Begin at the line containing "Verwendung!) | | |" and retype each line through the end of the records exactly. Include nothing else and no pictures.
*** Opening Data records ***
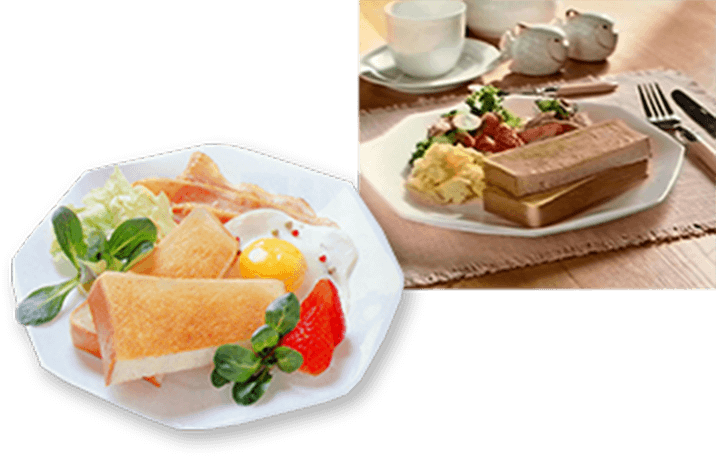 大きなお皿の上にパンといろいろな料理を組み合わせる”ワンディッシュ皿”として新しいスタイルの朝食を提案しました。
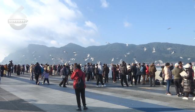 上午9点半,海埂大坝观鸥平台上已是人头攒动,前来观鸥、喂鸥的游客都满脸笑意充满了对红嘴鸥的喜爱。年轻人还没来得及购买鸥粮,就纷纷拿出手机、相机记录下这人鸥同乐的时刻,而中老年人则以体验为主,不 紧不慢的买来鸥粮等食物,一边投喂互动,一边拍下照片。
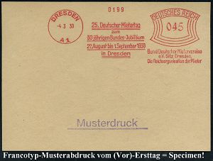 | 1075 | 35 € | WEIMARER REPUBLIK 1919 - 1932/33 : DRESDEN/ A 1/ 25.Deutscher Mietertag/ zum/ 30 jährigem Bundes-Jubiläum/ 27.August bis 1.Sept.1930 / in Dresden/ Bund Deutscher Mietervereine.. 1930 (4.3.) sehr seltener AFS-Musterabdruck Francotyp "Bogenrecht-eck" , glasklar gest. Francotyp-Musterblatt vom (Vor)-Ersttag!, (Dü.E-1CEh, nur kurze Verwendung!) | | |
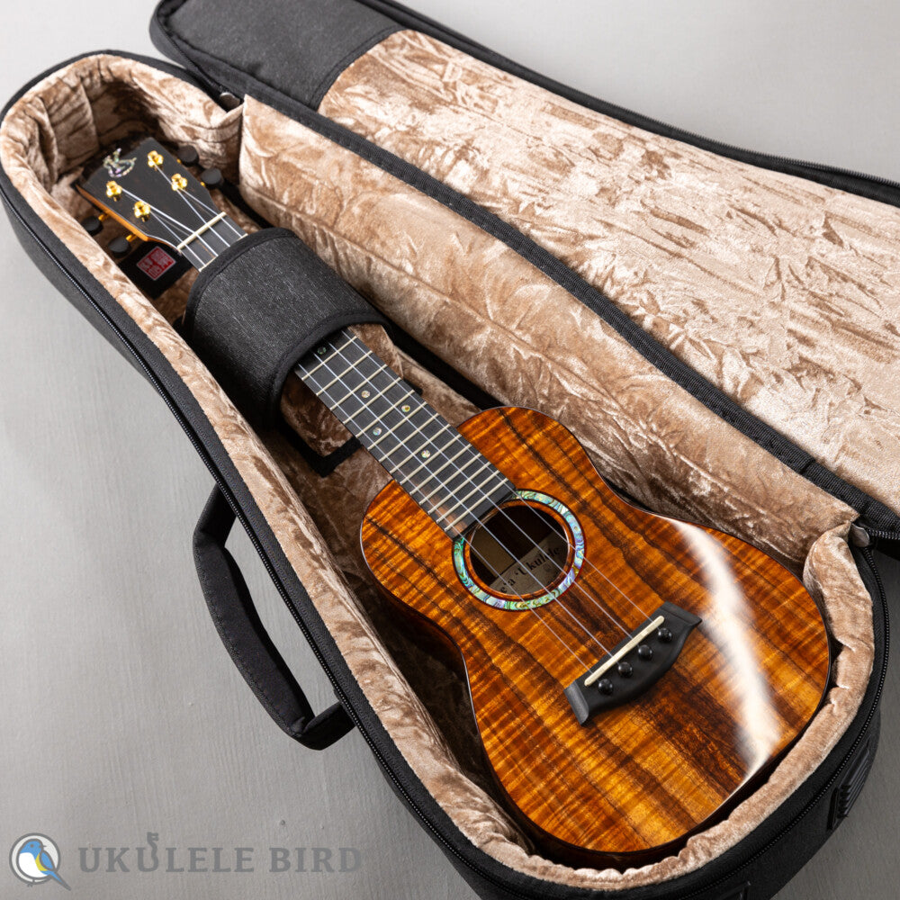 2020年に始まったKPAシリーズは、プレミアムグレードのカーリーコアをボディに使用、サウンドホールロゼッタにはマオリ(ニュージーランド)のパウア貝を大胆にあしらった、デラックスなシリーズです。ハワイのカーリーコアとマオリ(ニュージーランド)のパウア貝を組み合わせることでポリネシアの融合を表してます。
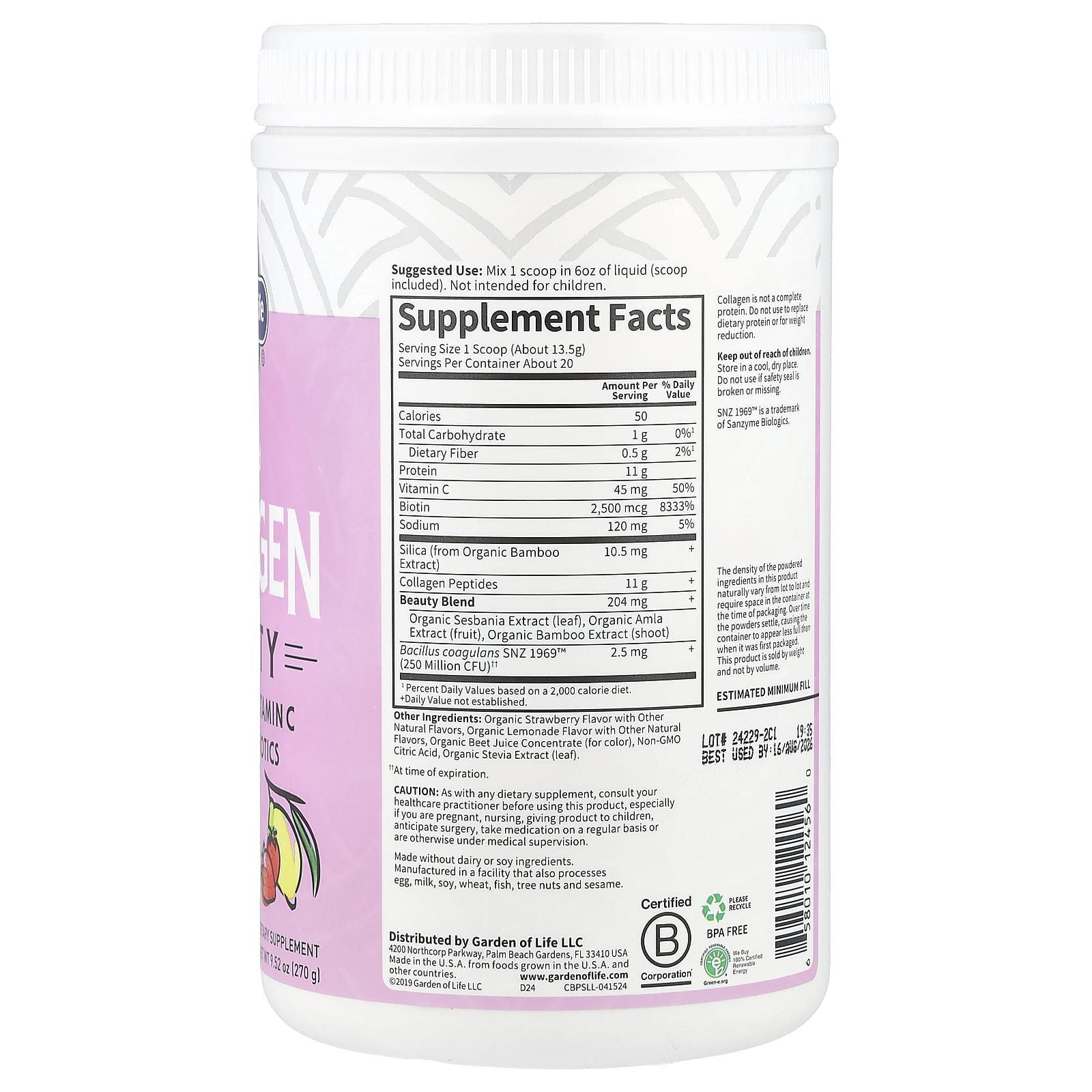 Garden of Life, коллаген от животных травяного откорма, для красоты, клубничный лимонад, 270 г (9,52 унции)
*** Closing Data records ***
» Response for this exercise
 | 1075 | 35 € | WEIMARER REPUBLIK 1919 - 1932/33 : DRESDEN/ A 1/ 25.Deutscher Mietertag/ zum/ 30 jährigem Bundes-Jubiläum/ 27.August bis 1.Sept.1930 / in Dresden/ Bund Deutscher Mietervereine.. 1930 (4.3.) sehr seltener AFS-Musterabdruck Francotyp "Bogenrecht-eck" , glasklar gest. Francotyp-Musterblatt vom (Vor)-Ersttag!, (Dü.E-1CEh, nur kurze Verwendung!) | | |
 2020年に始まったKPAシリーズは、プレミアムグレードのカーリーコアをボディに使用、サウンドホールロゼッタにはマオリ(ニュージーランド)のパウア貝を大胆にあしらった、デラックスなシリーズです。ハワイのカーリーコアとマオリ(ニュージーランド)のパウア貝を組み合わせることでポリネシアの融合を表してます。
 Garden of Life, коллаген от животных травяного откорма, для красоты, клубничный лимонад, 270 г (9,52 унции)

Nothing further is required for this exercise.